Because an email spam filtering can recognize these kinds of emails, it can be a valuable solution for protecting users from unwanted messages. To enhance the protection, some spam filters use insights gained from machine learning to more accurately target junk mail. Often, an internet service provider (ISP) will use spam detection to reduce the amount of spam delivered to users. Companies can do the same to lessen the burden of spam on their employees. However, spam filtering can also flag legitimate emails from companies users actually want to get messages from. In this case, users often have the option to determine the kinds of emails they want and adjust their settings to allow them to pass through the filter.

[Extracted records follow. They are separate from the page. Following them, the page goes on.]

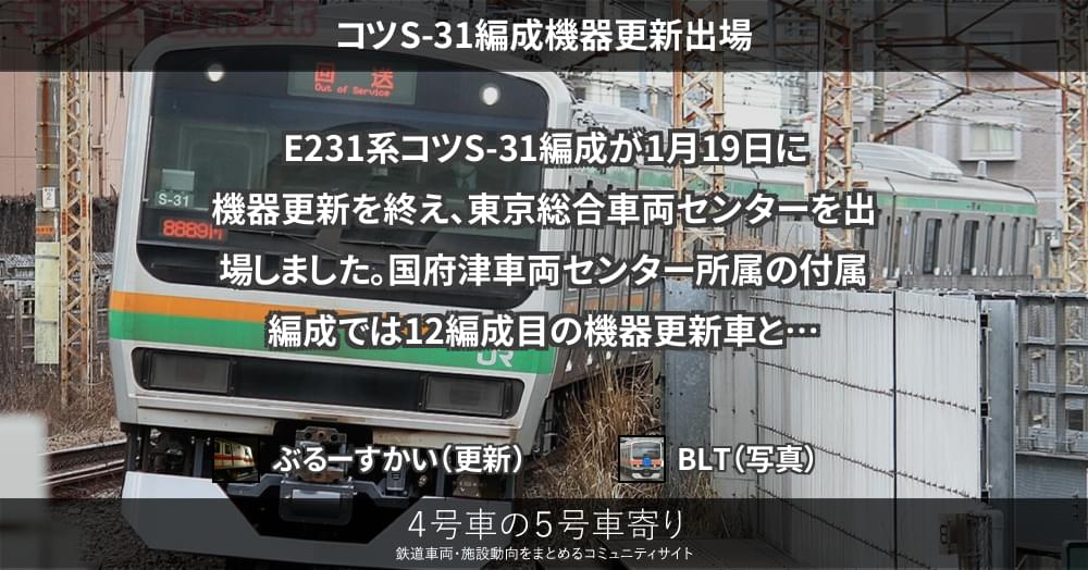 E231系コツS-31編成が1月19日に機器更新を終え、東京総合車両センターを出場しました。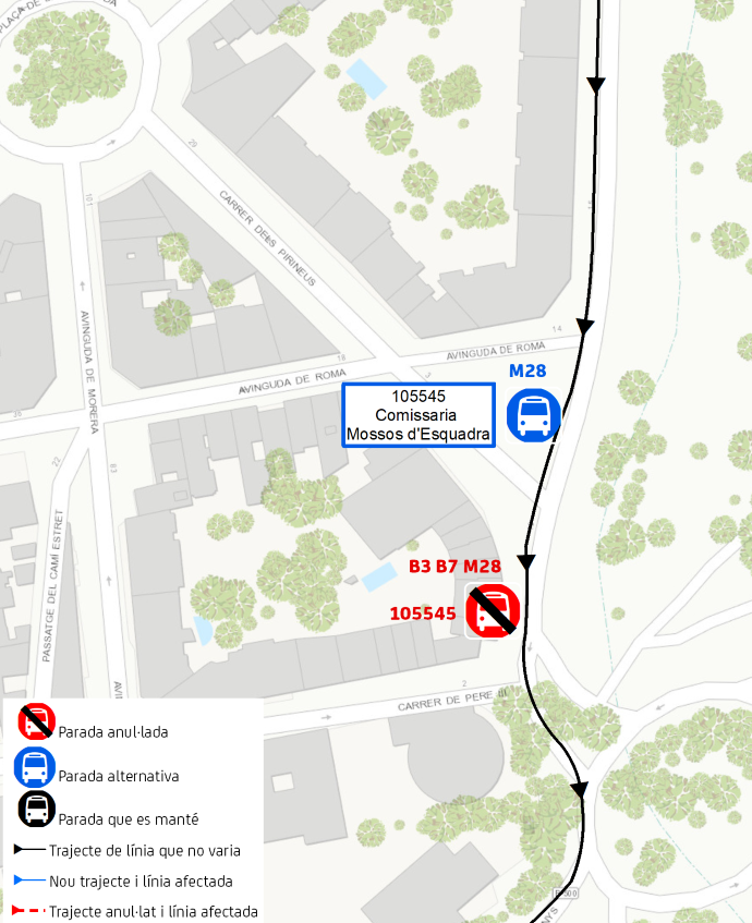 A partir de divendres 10 d'octubte de 2025, es trasllada de forma definitiva la parada Comissaria Mossos d'Esquadra de Badalona. L'itinerari de la línia no queda afectat tal i com s'indica al plànol següent: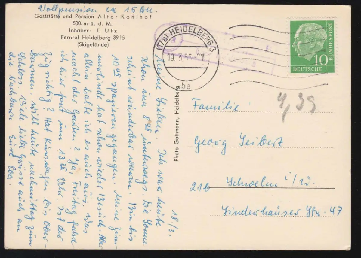 Le temple de Landpost Waldhilsbach par l'intermédiaire de HEIDELBERG 3 - 19.3.1965 sur AK Alter Kohlhof
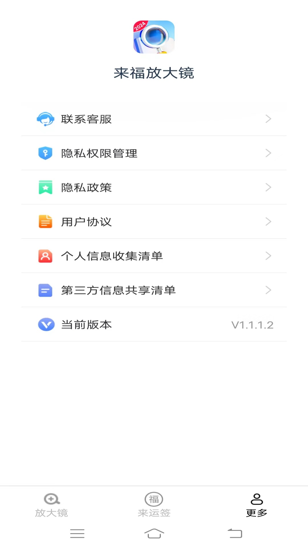 来福放大镜是一款操作简单、功能丰富的放大镜软件,用户可以轻松放大各种物体,并享受更多便捷服务。软件提供了多种放大镜模式可供选择,用户可以调节放大的倍速,并自动进行滑动缩放,满足不同场景下的观察需求。还可以帮助用户阅读小字体的文章,让用户看得更加清晰。此外,软件还提供了幸运签功能,让用户在使用的同时获得更多好运与祝福。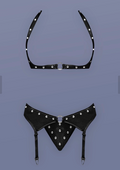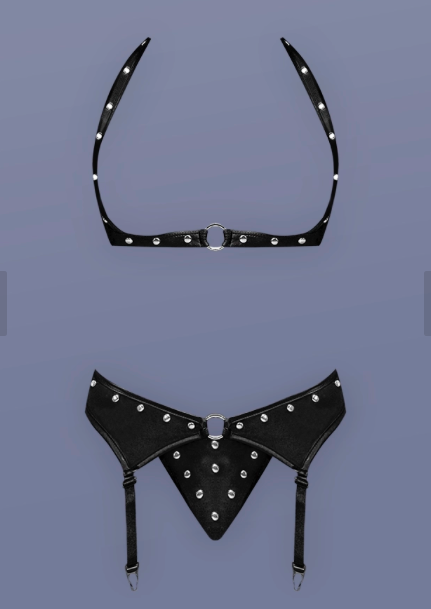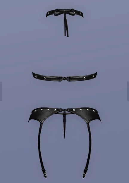 The open halter shelf bra features a Velcro neck closure and a sliding butterfly clasp in back, offering an adjustable, seductive fit. The attached garter belt hugs the waist beautifully, while the adjustable straps with metal clips easily attach to stockings. The matching G-string completes the lookāperfect for nights of power, play, and passion.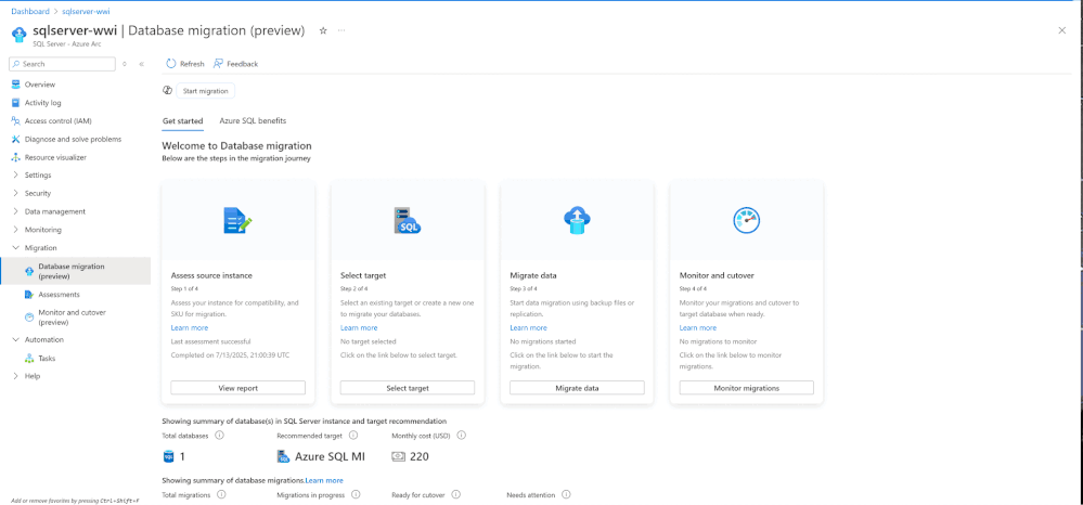 We’re excited to announce General Availability of the SQL Server migration in Azure Arc. This experience is designed to simplify and accelerate SQL Server migration journey to Azure SQL Managed Instance offering a unified, end-to-end workflow directly within the Azure portal.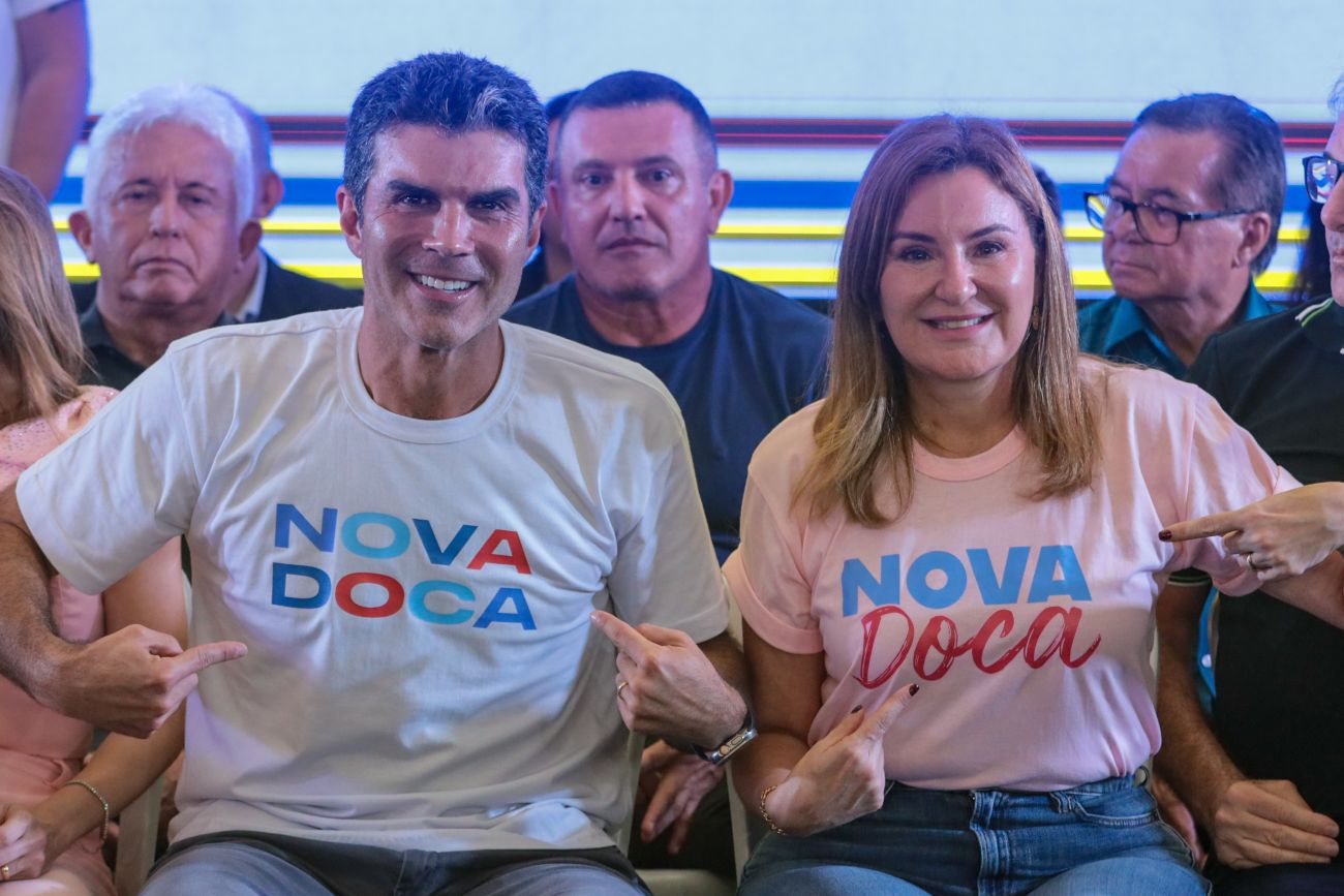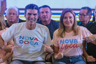 Governador Helder Barbalho, vice-governadora Hana Ghassan e diretor-geral da Itaipu Binacional, Enio Verri, no evento de assinatura da Ordem de ServiçoO governador Helder Barbalho assinou, na noite desta terça-feira (7), a Ordem de Serviço para a construção da Nova Doca, em Belém. Esta é mais uma das obras que serão executadas pelo Governo do Pará visando preparar a capital para sediar a 30ª Conferência do Clima sobre Mudanças Climáticas - COP 30, em novembro de 2025.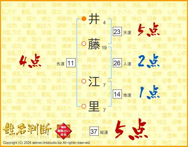 井藤江里さんの総運は37画の5点!
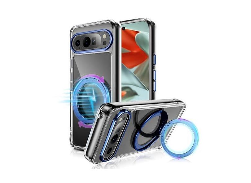 Lokyoo Capa magnética transparente para Google Pixel 9 Pro e Pixel 9 de 6,3 polegadas, [apto para MagSafe], [antiamarelo], [suporte magnético giratório de 360°] proteção contra quedas, antiarranhões,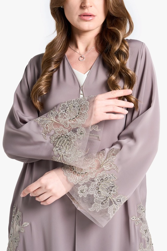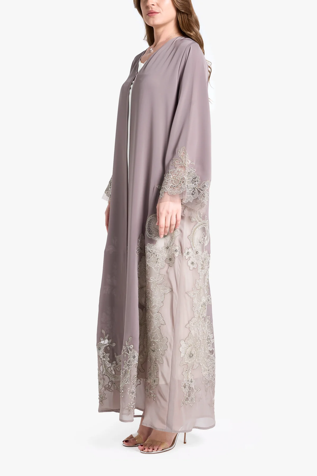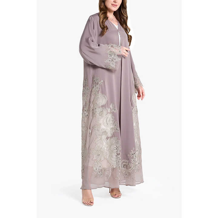 LEDUO ชุดอาบายะแบบเปิดสไตล์วินเทจลำลองสำหรับผู้หญิง ตกแต่งด้วยลูกไม้ปักลายผ้าชีฟองคุณภาพสูงสำหรับเดือนรอมฎอน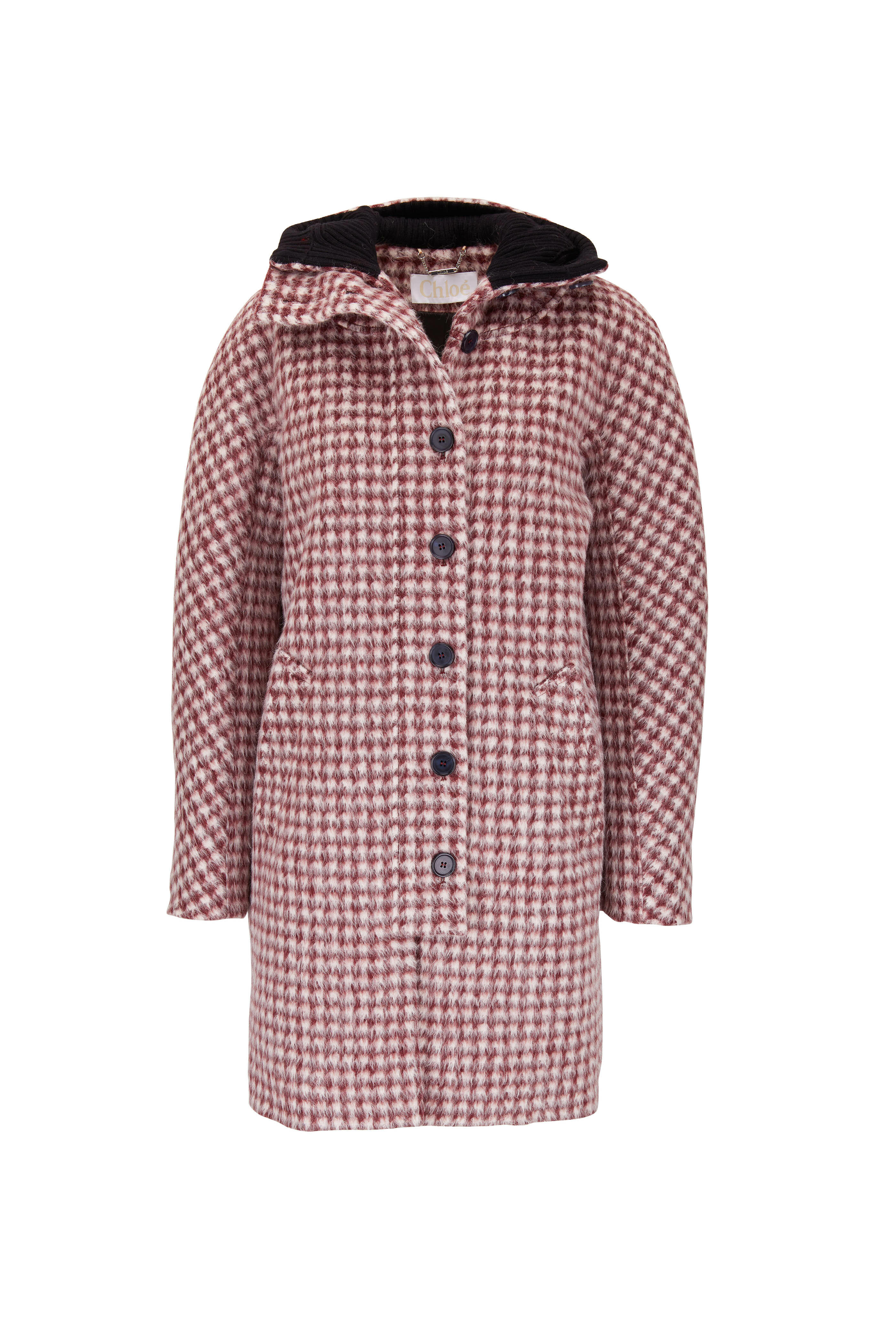 Attached hood. Front button placket. Front slip pockets. Imported. 46% alpaca, 29% virgin wool, 25% polyamide; fully lined. Dry clean.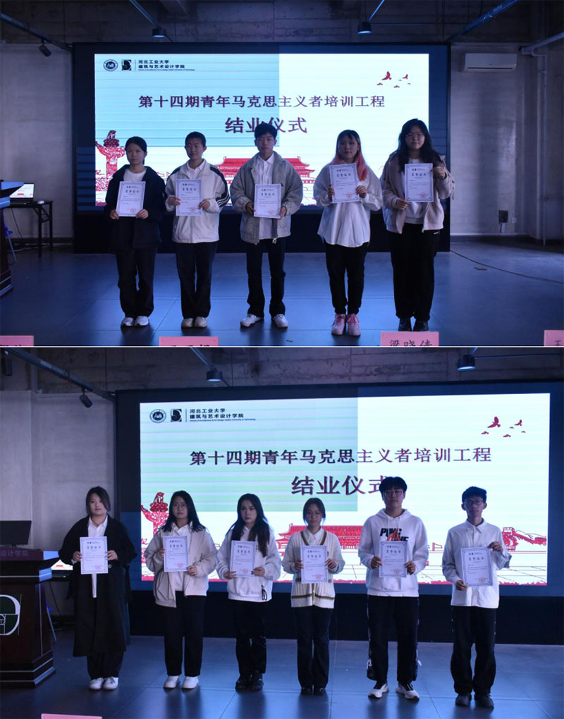 為檢驗(yàn)同學(xué)們的學(xué)習(xí)成果以及“求是”社團(tuán)在思想引領(lǐng)方面取得的成效,10月25日,河北工業(yè)大學(xué)建筑與藝術(shù)設(shè)計(jì)學(xué)院特于九教1207舉辦第十四期青年馬克思主義者培養(yǎng)工程結(jié)業(yè)展示暨優(yōu)勝班級(jí)評(píng)選活動(dòng)。出席活動(dòng)的領(lǐng)導(dǎo)、嘉賓有河北工業(yè)大學(xué)建筑與藝術(shù)設(shè)計(jì)學(xué)院22級(jí)輔導(dǎo)員梁曉倩老師,23級(jí)輔導(dǎo)員王亞妤老師,院團(tuán)委副書記石笠霖,院團(tuán)委委員、科創(chuàng)與實(shí)踐服務(wù)中心主席王思甜,院團(tuán)委委員、科創(chuàng)與實(shí)踐服務(wù)中心主席孫星安,院團(tuán)委委員、社團(tuán)工作中心主席王賀佳。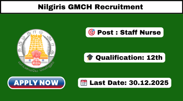 Nilgiris GMCH Recruitment 2025: Nilgiris Government Medical College and Hospital has recently announced the latest recruitment for Staff Nurse, Laboratory Technician posts on temporary basis. Eligible candidates can apply offline on December 23th, 2025 to December 30th, 2025. The candidates can download offline notification Pdf is available on the official Nilgiris Government Medical College and Hospital website:www.Nilgiris.nic.in. Selected candidates will be employed at Government Medical College Hospital, Udhagamandalam – Nilgiris.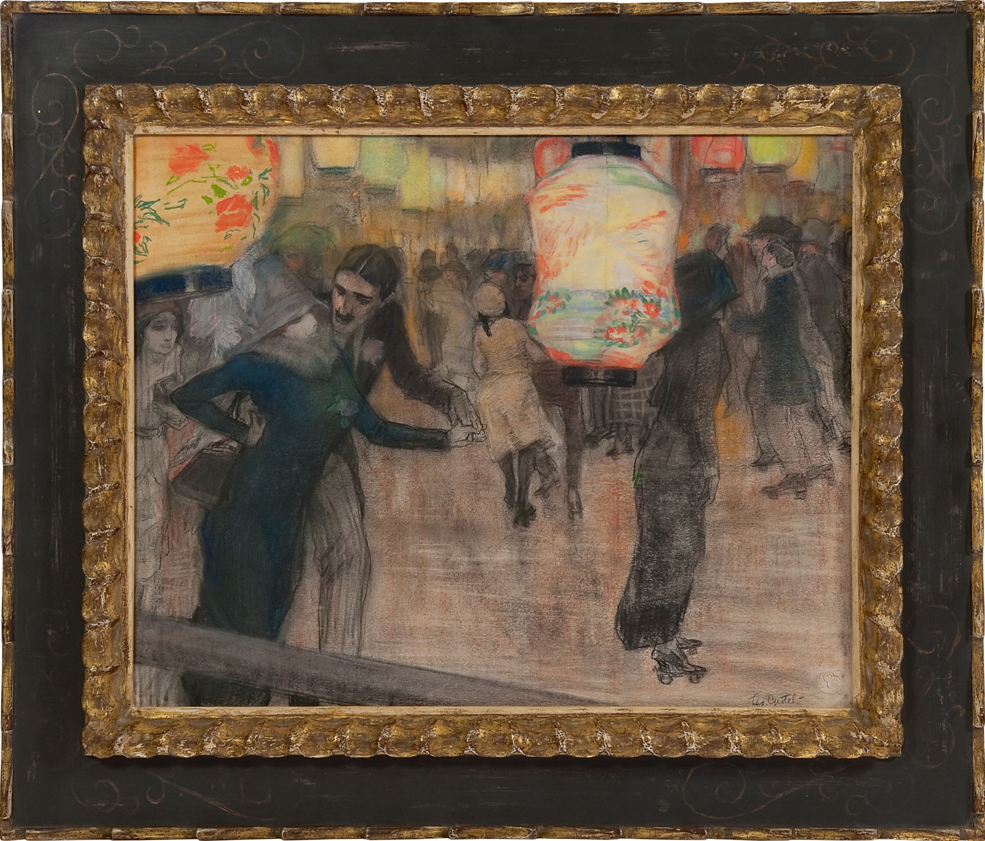 Gestel was een virtuoos tekenaar. Het liefst maakte hij tekeningen in krijt en pastel van elegante vrouwen en het mondaine uitgaansleven van Amsterdam rondom het Rembrandtplein. De hier afgebeelde pastel moet omstreeks 1910 zijn gemaakt nadat Gestel, samen met Jan Sluijters, een aantal jaren Parijs had bezocht en daar elegante vrouwen en het mondaine uitgaansleven had vastgelegd. Opvallend is de compositie, waarbij centraal in het beeldvlak de ruimte open gelaten is en de figuren zich concentreren langs de rand van de voorstelling. Gestel creëert daarmee de illusie van een ronddraaiende beweging, die in gang gezet wordt door het aanrijdende paar links: de man in jacquet, de vrouw in wandelkostuum met grote hoed, bontstola en tas. Het rolschaatsen was omstreeks 1910 meer een modieus tijdverdrijf voor dames en heren van goede afkomst dan een sport voor het volk. Naar het voorbeeld van Parijs, Londen en Berlijn had Amsterdam in 1897 zijn eerste rolschaatsbaan gekregen. Maar van een echte rage was pas sprake omstreeks 1910. In het Paleis voor Volksvlijt op het Frederiksplein werd een luxe rollerbaan aangelegd, met een orkest en een toneel waarop shows werden opgevoerd. Mogelijk werd deze pastel daar gemaakt.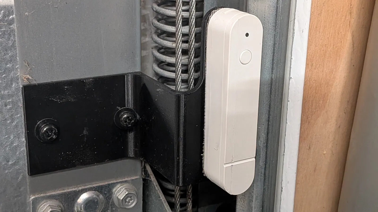 Bản remix giá gắn cảm biến cho IKEA Mygbett (Matter) dùng với cửa cuốn trần Hörmann. Tận dụng 2 lỗ sẵn gần bản lề để bắt bulông; phần nam châm có thể dán băng keo 2 mặt hoặc canh rail rồi dán super glue.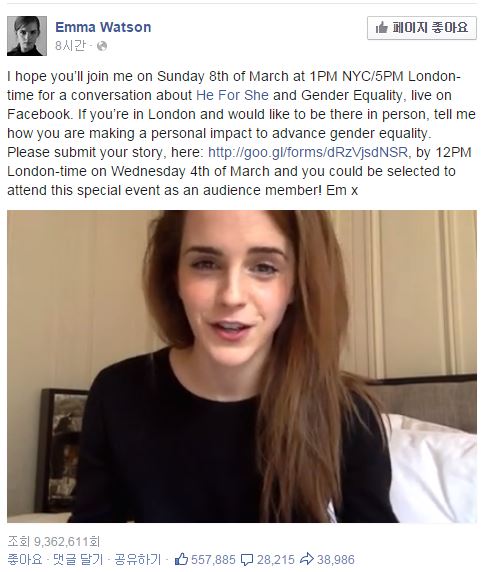 [아시아경제 온라인이슈팀] 영국 배우 엠마 왓슨이 3일 페이스북을 통해 UN 여성 인권 신장 캠페인 '히포쉬(HeForShe)' 대담회를 홍보하며 양성평등을 위한 행보를 이어가고 있다.엠마 왓슨은 런던 시간으로 오는 8일 오후 5시 런던에서 열리는 '히포쉬' 대담회 참석 신청 링크를 연결하고 직접 영상을 통해 참가해 줄 것을 부탁했다. 엠마 왓슨은 이어 런던에 있지 않더라도 대담회는 자신의 페이스북을 통해 중계될 예정이니 양성평등을 위한 질문이나 이야기 등을 올려달라고도 말했다.앞서 엠마 왓슨은 지난해 '히포쉬'의 최연소 여성 친선대사로 임명됐으며 이후 양성평등, 여성 인권신장을 위한 행보를 이어가고 있다. 지난해에는 UN에서 양성평등 관련 연설을 한 바 있다.온라인이슈팀 issue@asiae.co.kr<ⓒ세계를 보는 창 경제를 보는 눈, 아시아경제(www.asiae.co.kr) 무단전재 배포금지>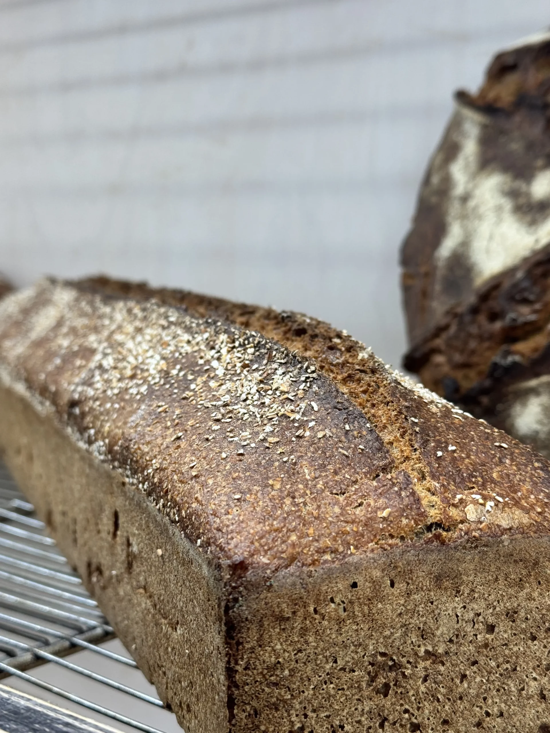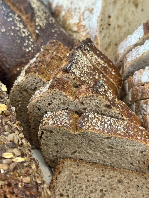 Élaboré à partir de farine complète bio et d’un levain naturel, le Pain Intégral est un allié du quotidien. Riche en minéraux et naturellement faible en acide phytique, il offre une meilleure digestibilité qu’un pain complet classique. Sa teneur élevée en fibres en fait un pain idéal pour soutenir le transit tout en apportant une vraie sensation de satiété. Avec son goût légèrement acidulé et sa mie dense mais fondante, il accompagne à merveille un poisson fumé ou un fromage à pâte molle.

What is Spam? What is Spam Email?

Spam refers to any type of unwanted bulk communication. It is sent via email, text messages, social media, or phone calls. It is unclear exactly where the term “spam” came from, but one theory says it is derived from a Monty Python skit where people were told to eat the canned meat Spam, regardless of whether they wanted to or not. Similarly, many inboxes get “force-fed” spam emails on a constant basis.

Spam Filter Work

Spam filters all have the same basic objective: to keep unwanted emails out of users’ inboxes. However, there are several different types of spam filters, and they each use different filtering methods to hone in on spam. Content Filters

Content filters analyze the text inside an email and use that information to decide whether or not to mark it as spam. The content of spam emails is often predictable, particularly because they tend to have the same basic objectives: offer deals, promote explicit material, or otherwise tap into human emotions, feelings, and desires, such as greed or fear.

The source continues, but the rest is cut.